Regardless of who takes the White House in November, the age of American internationalism is fading fast. The bi-partisan consensus that underpinned the willingness of the United States to intervene in upholding the rules-based order for eight decades is all but gone, banished by the extreme polarisation of American domestic politics. This will not be remedied by the election of a new president.  The tide of battle turning against a Ukraine starved of the ammunition and weaponry it needs – a direct result of recent filibustering over US internal policy – serves stark warning to The West: America can no longer be relied upon to shepherd us through world wars, hot and cold, or the comet tail of that now-defunct period laughingly called ‘the end of history.’

What would this shift in paradigm mean for The West, specifically for the ‘rest’ of The West – we who have grown complacent knowing that America has always been there to protect us? How could we fill a security void created by even partial American withdrawal? It would not be straightforward (British understatement). It would require rapid reversal of near-endemic social trends, resuscitation of military capability, and above all the rediscovery of the dynamism within our democracies needed to instil purpose and belief into our thinking and doing.

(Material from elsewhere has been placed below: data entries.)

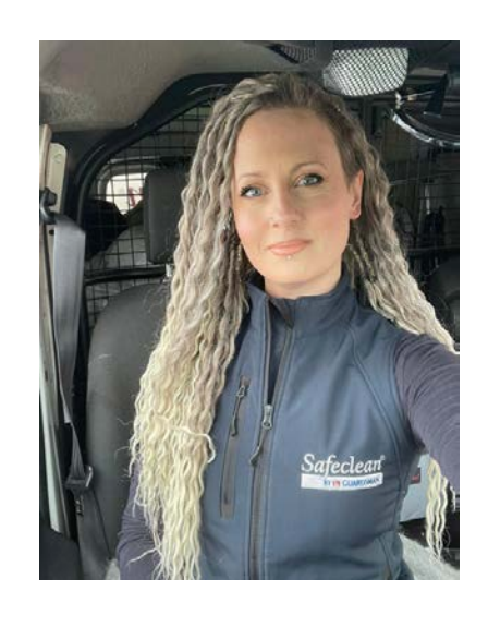
"I'm known as the local specialist, the person to call in a cleaning emergency"

* average sales figures from top 30% of franchisees working as owner/operators & owner/managers in 2024 ** network average for 2023. The amount of guaranteed warranty work and the SLA bonus will vary. *** Work is only guaranteed subject to active contracts, retailer estate, KPIs and SLAs being achieved
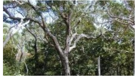
Habit at Makawao forest reserve, Maui, Hawaii
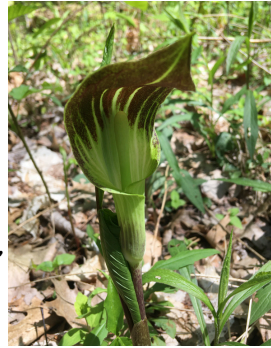
Jack-in-the-pulpit ( Arisaema triphyllum )

Flowers are some of the first splashes of color that emerge along the trails in COL's preserves each spring. We call them spring ephemerals, which is just a fancy way of describing plants that bloom for a short period during the spring. These plants are often the first signs of life to emerge after a long winter, some even making an appearance with snow still on the ground! Break in that raincoat, slide on some mud boots, and hit the trails to see how many spring ephemerals you can find!
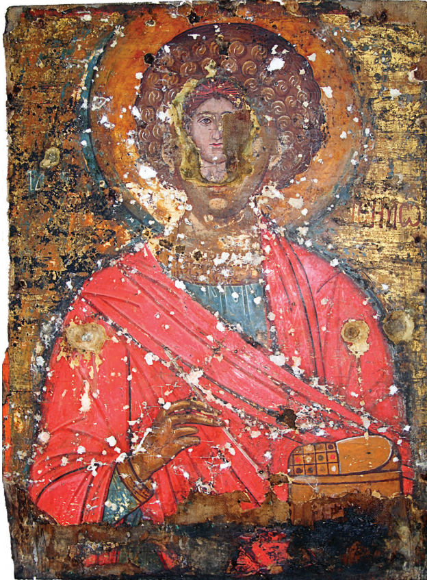
Fig. 4. Telos , katholikon of Hagios Panteleemon. The icon of Saint Panteleemon after the removal of the revetment.

be perceived? Is it the culmination of a series of changes which, in combination with the originality and creativity of the painter 13 , were setting a new trend in the Saint's iconography? Or is there another prism under which this change could be assessed? Before we proceed to answer these questions, it is important that we survey the basic points in the iconography of the Saint according to the pictorial evidence of Byzantine painting.

This essay presents a personal, non-academic view from the side-lines. Through a series of observations and impressions it seeks first to understand how just a generation after the collapse of the Soviet Union, The West once again comes to be confronted by an aggressive autocratic coalition, which intends to supplant the liberal rules-based order with its own totalitarian variants. Finally, it offers thoughts on how the democracies of The West must change their approach and act to meet this threat.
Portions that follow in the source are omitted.